# What do you freeze your milk in?



## Bytheyard (Mar 6, 2015)

I want to freeze my ewes milk for us to consume later. What containers do people freeze milk in?


----------



## kycrawler (Sep 18, 2011)

empty 2 liter soda bottles fill 3/4 full squeeze air out and screw lid on . they dont expand and burst when they freeze that way and no air with the milk to make it "off"


----------



## danil54grl (Mar 10, 2014)

Not sure how ewe's milk will freeze, but I know my cows milk did not freeze well. It wasn't bad, just lumpy? Cooking with it is just fine though. I also experienced this with my goats milk. Hope someone can help with s solution.
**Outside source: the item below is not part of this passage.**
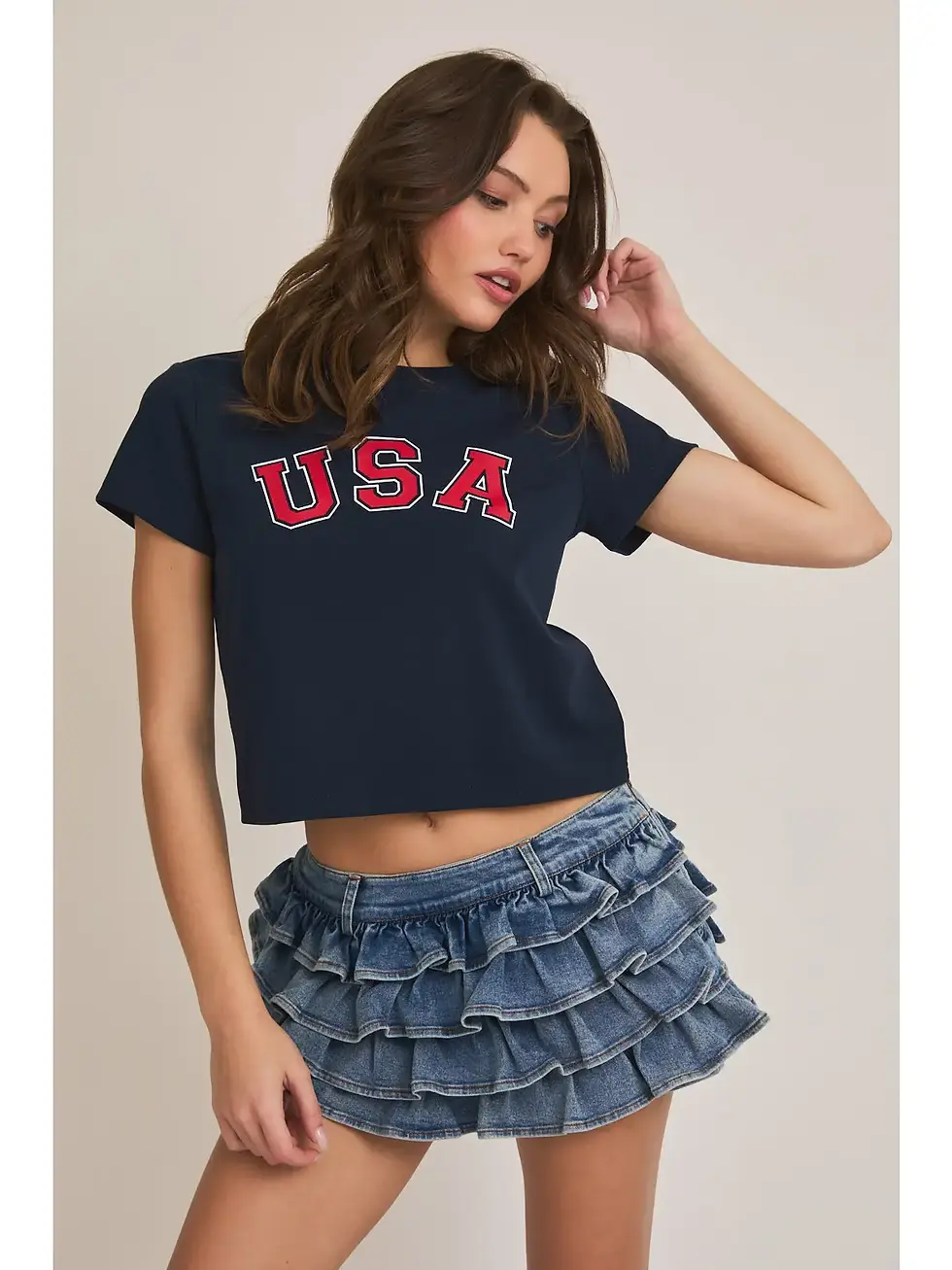 "USA" Graphic Short Sleeve Crew Neck Baby Tee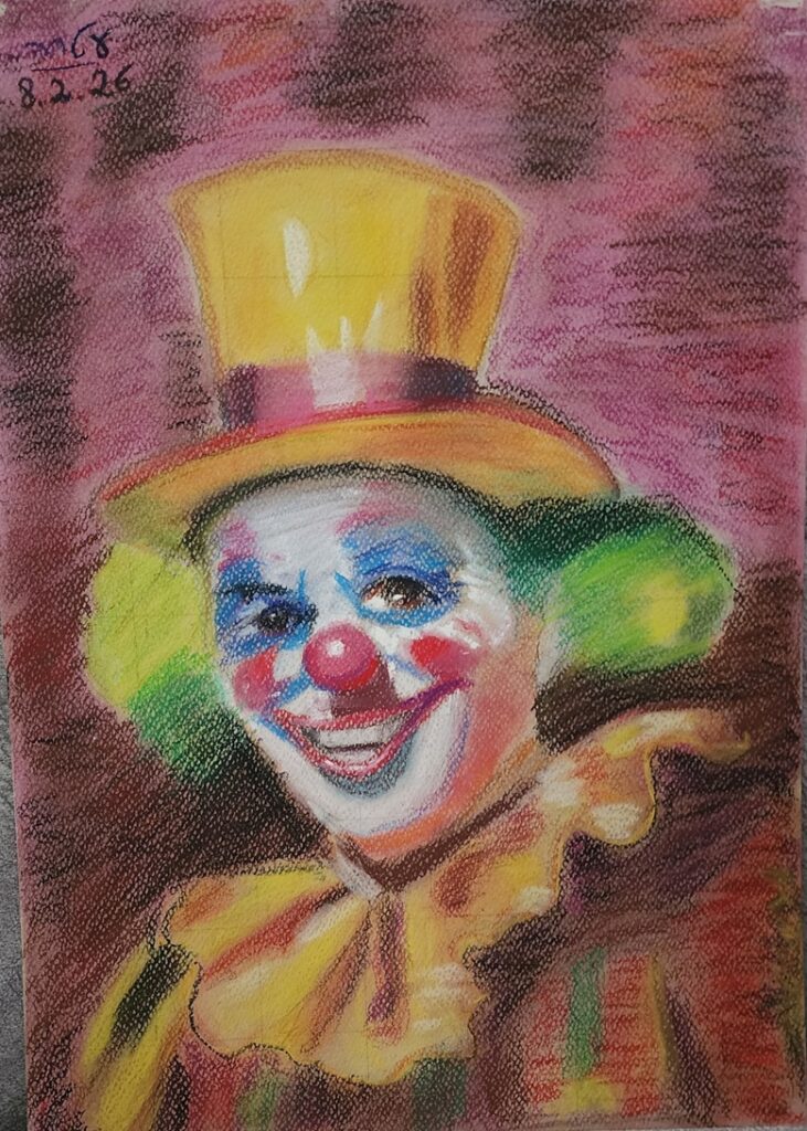 על קירות הגלריה מוצגות יצירות ציור מגוונות, בהן מופיעות דמויות של ליצנים, אנשים וטבע, כולם מחופשים, כל אחד בסגנון ובאופי הייחודיים לו. שילובי הצבעים הנועזים, לצד עבודות המבטאות חופש, משחק ויצירתיות, יוצרים חגיגה חזותית ברוח אמרת חז״ל: “משנכנס אדר מרבין בשמחה”.

I have been using Ziploc bags and also old soda bottles


----------



## terri9630 (Mar 12, 2012)

danil54grl said:


> Not sure how ewe's milk will freeze, but I know my cows milk did not freeze well. It wasn't bad, just lumpy? Cooking with it is just fine though. I also experienced this with my goats milk. Hope someone can help with s solution. I have been using Ziploc bags and also old soda bottles


Was it completely thawed and mixed? The water in the milk thaws faster than the "solids" do. I find we have to let it thaw completely and mix the cream back in.


----------